Apart from the images, repeat the data below exactly as written.

Given information Start Marker

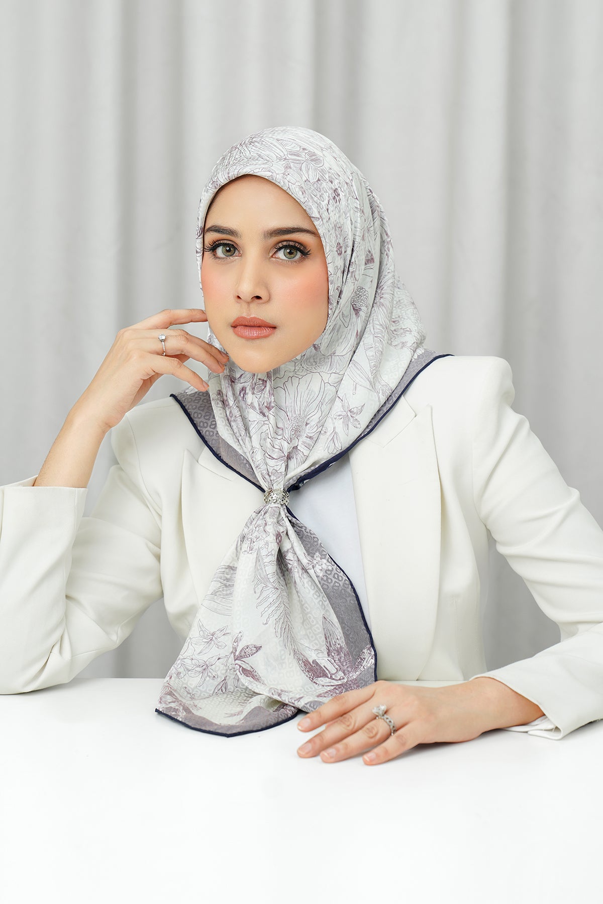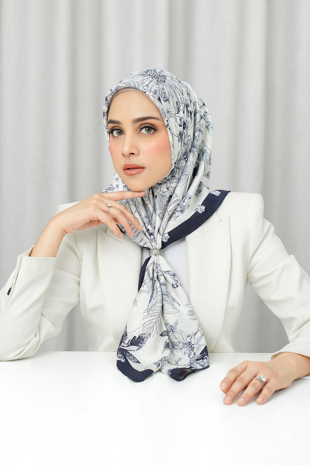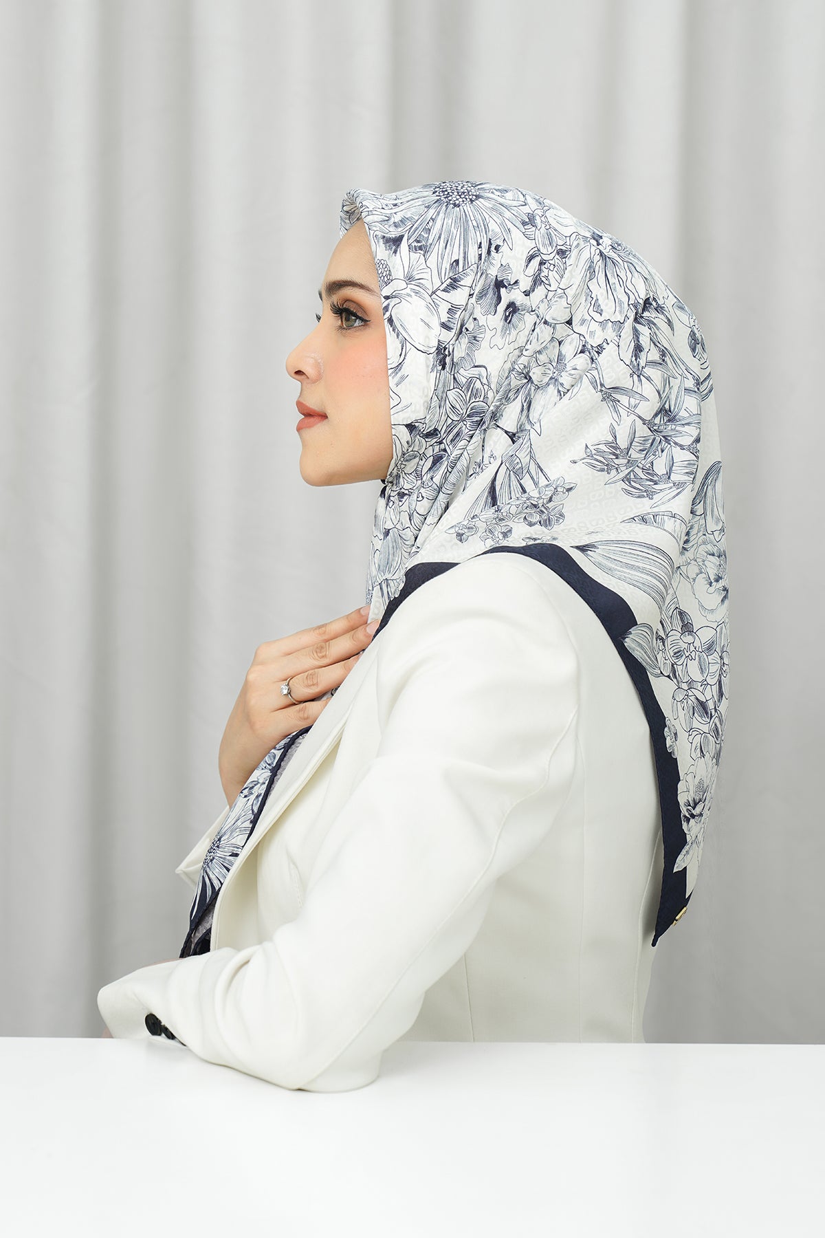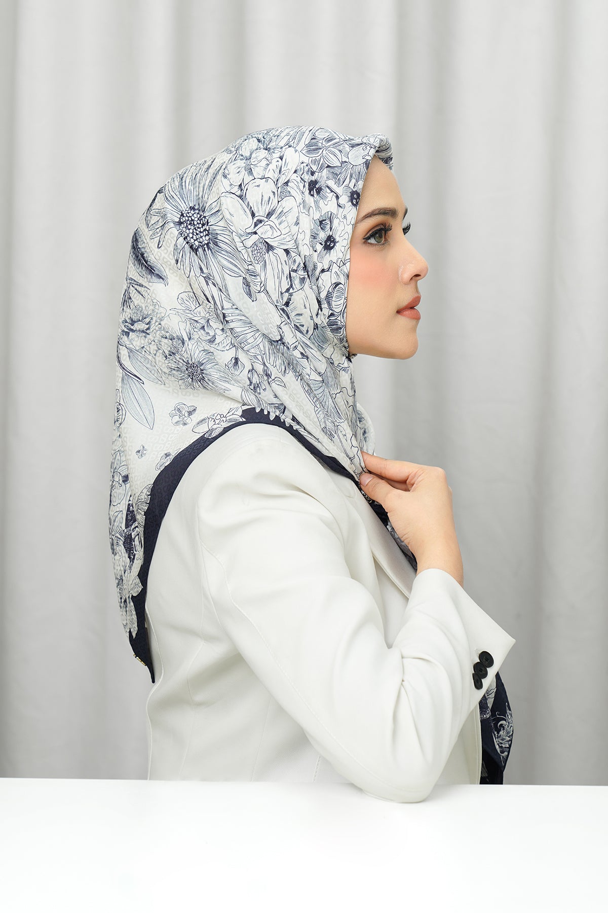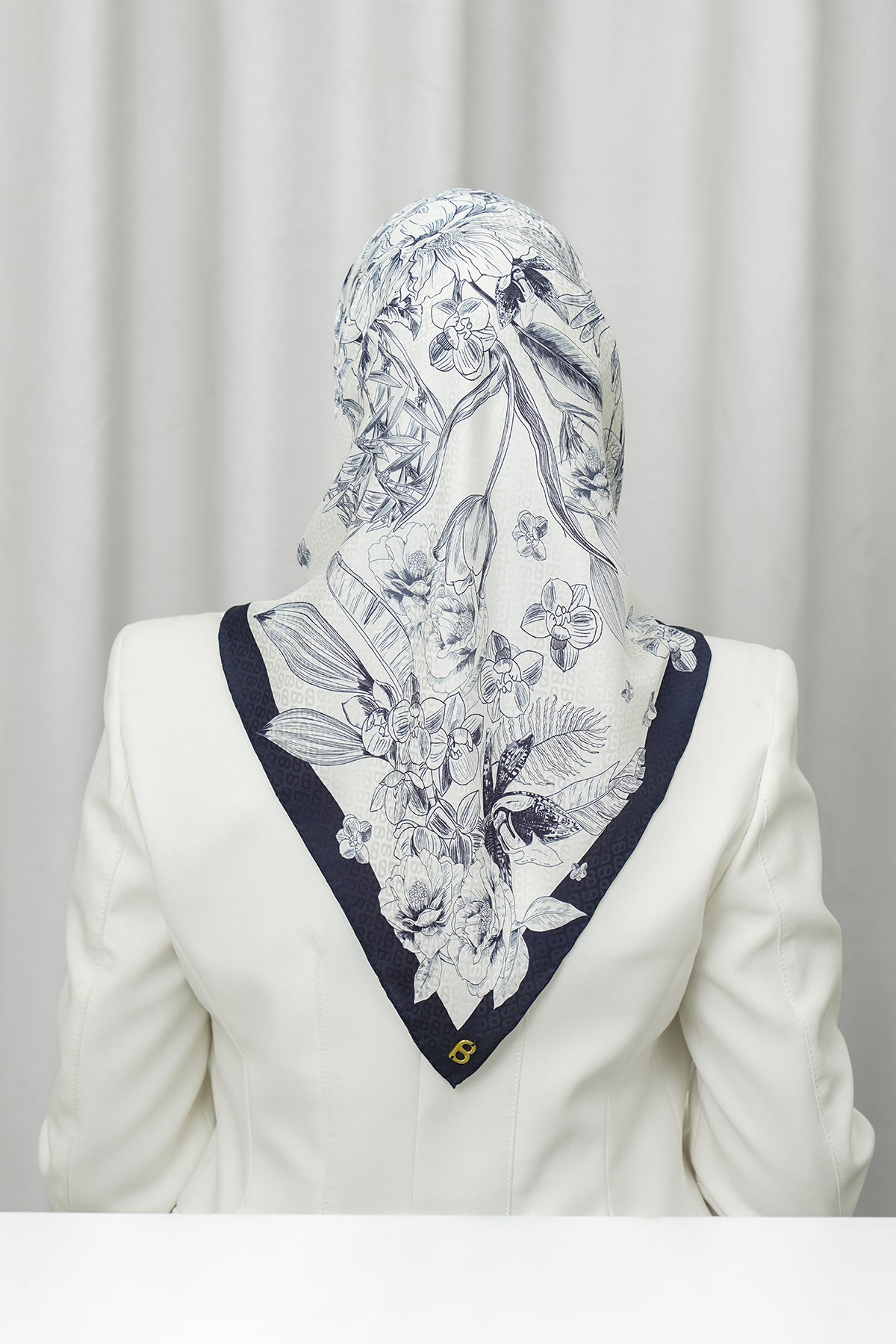 Silk Jacquard Square - Toile de Jouy Blooming Navy & Amethyst
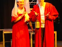 Специально на День всех влюблённых – Св. Валентина – подлинный театральный подарок вильнюсской публике! Никакой скуки и тоски, только веселье, потрясающая актёрская игра, вихрь бурлеска, юмора, прекрасных костюмов и мгновенных смен масок и образов, бодрящая эротика, интерактивное общение с публикой… - и всё это только 14 февраля, суббота, в Вильнюсе, в знаменитом столичном кукольном театре «LĖLĖ» (ул. Арклю 5) на уникальной, очень удобной и уютной сцене Малого зала «Mažoji salė», находящегося на 1 этаже рядом с музеем театра «Mažoji salė», начало в 16:00 на премьере спектакля «Декамерон», созданного и сыгранного прекрасными и известными Актерами и Режиссерами Александром Рубиновасом и Дайвой Шкелевайте!
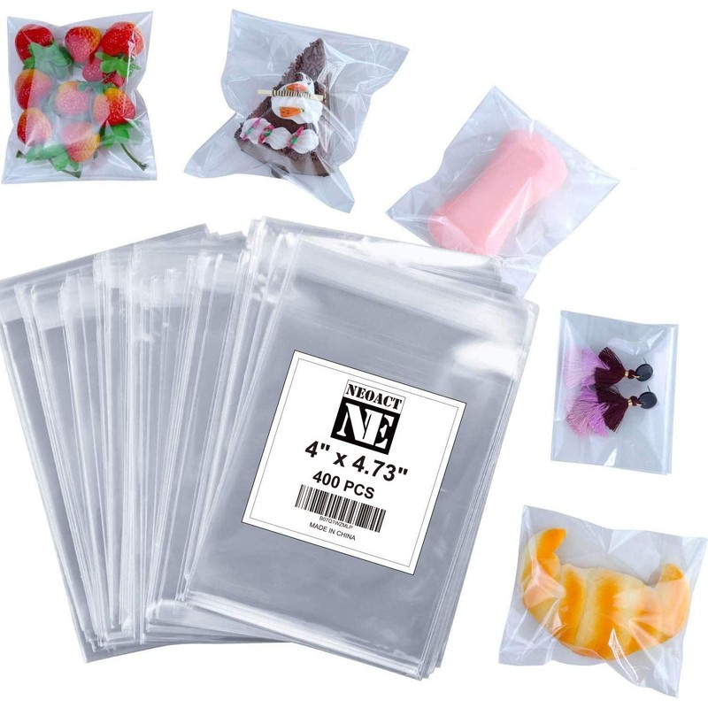 NEOACT 400 Pcs 4"x4.73" Clear Resealable Cellophane Bags Good for Bakery, Candle, Soap, Cookie Poly Bags
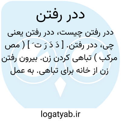 ددر رفتن. [ دَ دَ رَ ت َ ] ( مص مرکب ) تباهی کردن زن. بیرون رفتن زن از خانه برای تباهی. به عمل ناشایست شدن ِ زن. به تبهکاری شدن زن. به کار بد رفتن زن. بیرون رفتن زن از خانه برای اعمال بد. || در تداول اطفال، از خانه به کوچه یا خیابان رفتن برای گردش.
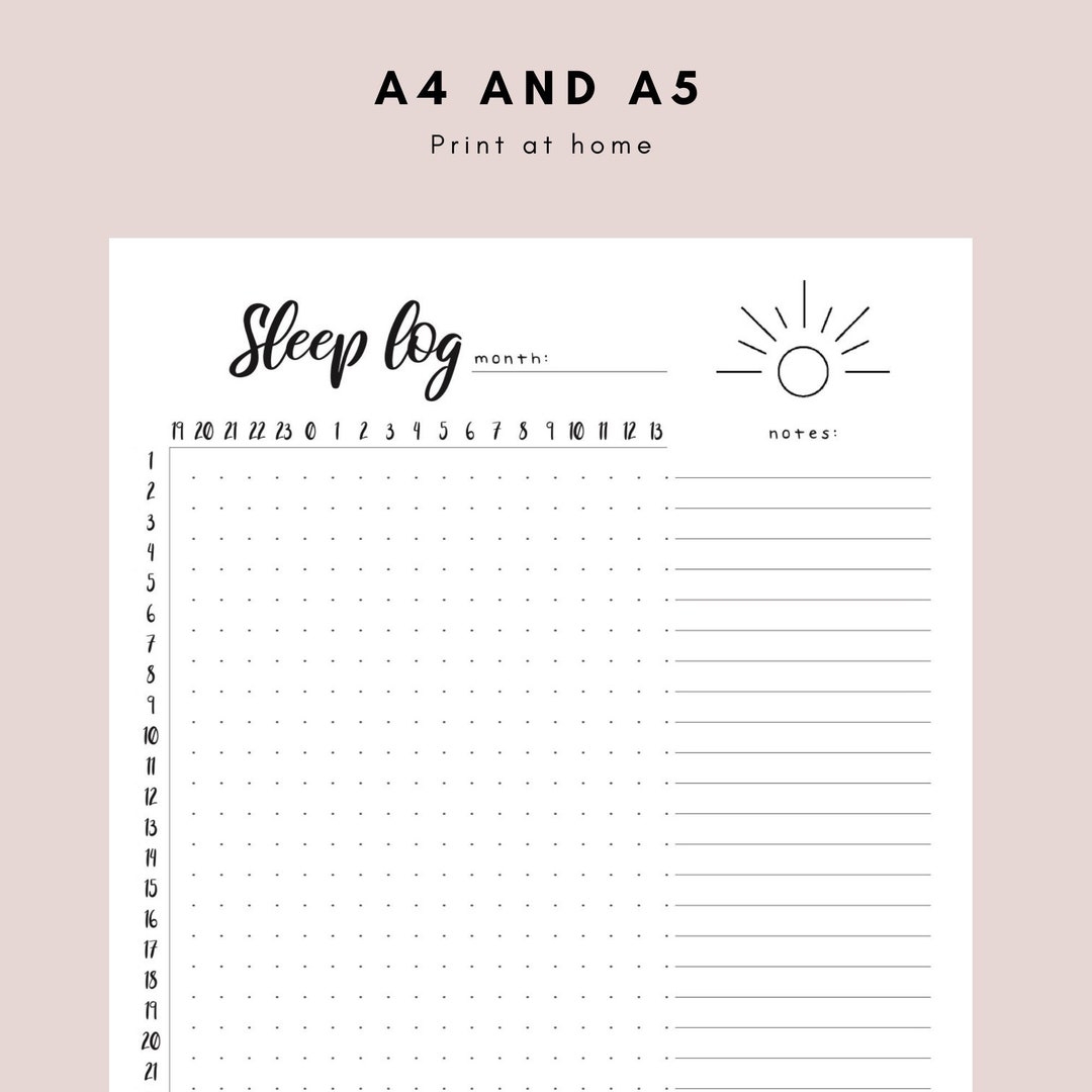 Minimalist Printable Sleep Log Tracker A4 U0026 A5 Sleep Journal PDF Monthly Sleep Habit Tracker Digital Download Etsy
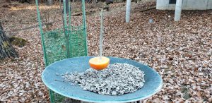 かつて使っていたBSパラボラアンテナを改造して作成した3号店は、今回のショートステイ初日にさらに改良を加え、ヒマワリの種を置くだけでなく、果実を串刺しに出来るアンカーを皿の中央に取り付けたのである。
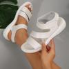 Sandales compensées pour femmes, nouvelles chaussures décontractées à la mode pour l'été 2024, talons bas, sandales de créateur de couleur unie
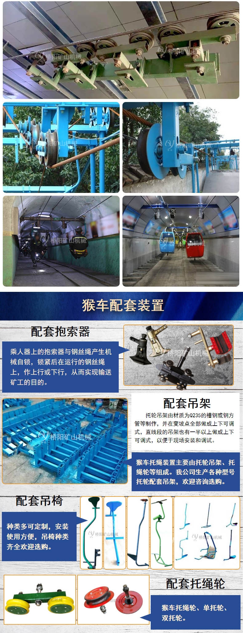 猴车,正式全称为矿山索道,主要用于地下矿山。由驱动装置输出动力带动钢丝绳循环无极运转,从而实现运送矿工上下井,以求缩短矿工上、下井的时间和减少矿工的体力消耗。其主要由驱动装置、乘人装置、回绳装置、张紧装置和电控系统组成。
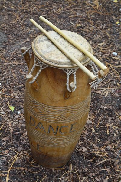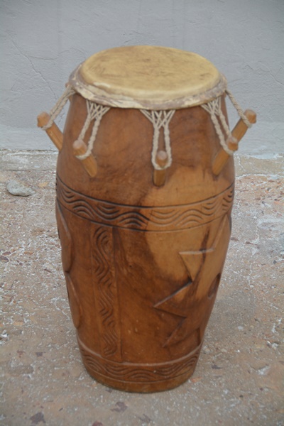 Mit einem Holzkörper aus einem Stamm und mit zwei Kuhfellen bespannt. Die Dundun erzeugt sehr tiefe Töne. Sie ist eine Begleittrommel und wird in der Regel „liegend“ gespielt, d.h. dass der Trommelkörper parallel zum Erdboden liegt. Sie kann aber auch „stehend“ gespielt werden, wie auf dem „Familienbild“ oben zu sehen.
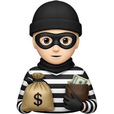 A emoji of a person wearing a black and white robber outfit and a black winter hat and a black mask and a Money Bag emoji
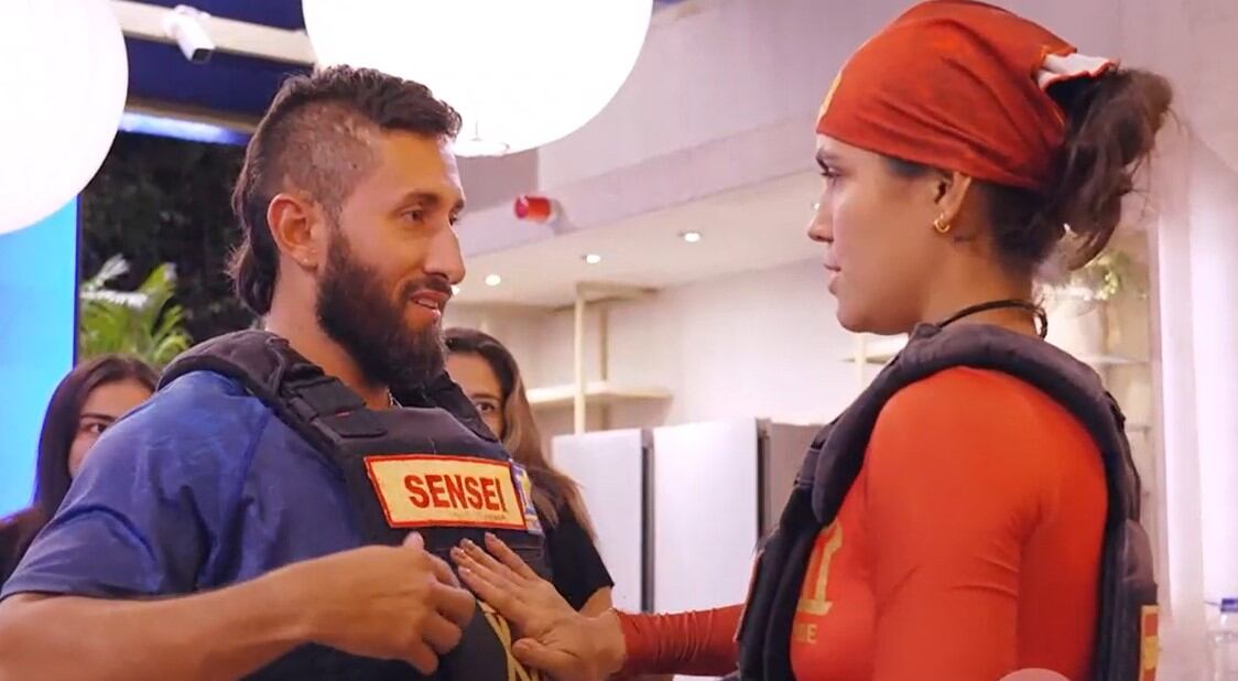Karoline llegó a la casa Tino e indicó que no le parecía chévere y que pondría los chalecos lo cual es obligación. De inmediato indicó que iría para Darlyn por lo que Sensei se ofreció a ponérselo y Karoline le contestó de manera irónica destacando un momento de tensión lo que llevó a Sensei a bromear.
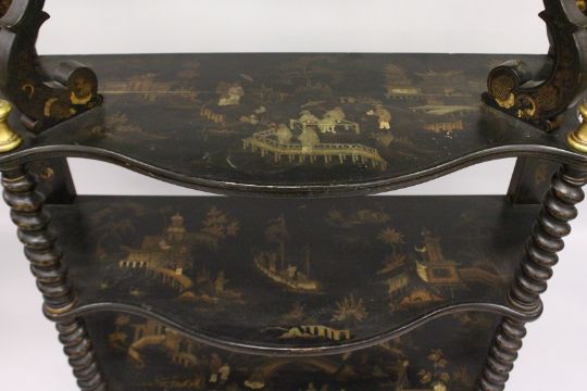 A GOOD 19TH CENTURY CHINNOISERE DECORATED SIX TIER BACK LACQUER WHAT NOT of serpentine outline, each tier united by brackets or barley twist columns.

Given information End Marker

Answer box
 Silk Jacquard Square - Toile de Jouy Blooming Navy & Amethyst
 Специально на День всех влюблённых – Св. Валентина – подлинный театральный подарок вильнюсской публике! Никакой скуки и тоски, только веселье, потрясающая актёрская игра, вихрь бурлеска, юмора, прекрасных костюмов и мгновенных смен масок и образов, бодрящая эротика, интерактивное общение с публикой… - и всё это только 14 февраля, суббота, в Вильнюсе, в знаменитом столичном кукольном театре «LĖLĖ» (ул. Арклю 5) на уникальной, очень удобной и уютной сцене Малого зала «Mažoji salė», находящегося на 1 этаже рядом с музеем театра «Mažoji salė», начало в 16:00 на премьере спектакля «Декамерон», созданного и сыгранного прекрасными и известными Актерами и Режиссерами Александром Рубиновасом и Дайвой Шкелевайте!
 NEOACT 400 Pcs 4"x4.73" Clear Resealable Cellophane Bags Good for Bakery, Candle, Soap, Cookie Poly Bags
 ددر رفتن. [ دَ دَ رَ ت َ ] ( مص مرکب ) تباهی کردن زن. بیرون رفتن زن از خانه برای تباهی. به عمل ناشایست شدن ِ زن. به تبهکاری شدن زن. به کار بد رفتن زن. بیرون رفتن زن از خانه برای اعمال بد. || در تداول اطفال، از خانه به کوچه یا خیابان رفتن برای گردش.
 Minimalist Printable Sleep Log Tracker A4 U0026 A5 Sleep Journal PDF Monthly Sleep Habit Tracker Digital Download Etsy
 かつて使っていたBSパラボラアンテナを改造して作成した3号店は、今回のショートステイ初日にさらに改良を加え、ヒマワリの種を置くだけでなく、果実を串刺しに出来るアンカーを皿の中央に取り付けたのである。
 Sandales compensées pour femmes, nouvelles chaussures décontractées à la mode pour l'été 2024, talons bas, sandales de créateur de couleur unie
 猴车,正式全称为矿山索道,主要用于地下矿山。由驱动装置输出动力带动钢丝绳循环无极运转,从而实现运送矿工上下井,以求缩短矿工上、下井的时间和减少矿工的体力消耗。其主要由驱动装置、乘人装置、回绳装置、张紧装置和电控系统组成。
 Mit einem Holzkörper aus einem Stamm und mit zwei Kuhfellen bespannt. Die Dundun erzeugt sehr tiefe Töne. Sie ist eine Begleittrommel und wird in der Regel „liegend“ gespielt, d.h. dass der Trommelkörper parallel zum Erdboden liegt. Sie kann aber auch „stehend“ gespielt werden, wie auf dem „Familienbild“ oben zu sehen.
 A emoji of a person wearing a black and white robber outfit and a black winter hat and a black mask and a Money Bag emoji
Karoline llegó a la casa Tino e indicó que no le parecía chévere y que pondría los chalecos lo cual es obligación. De inmediato indicó que iría para Darlyn por lo que Sensei se ofreció a ponérselo y Karoline le contestó de manera irónica destacando un momento de tensión lo que llevó a Sensei a bromear.
 A GOOD 19TH CENTURY CHINNOISERE DECORATED SIX TIER BACK LACQUER WHAT NOT of serpentine outline, each tier united by brackets or barley twist columns.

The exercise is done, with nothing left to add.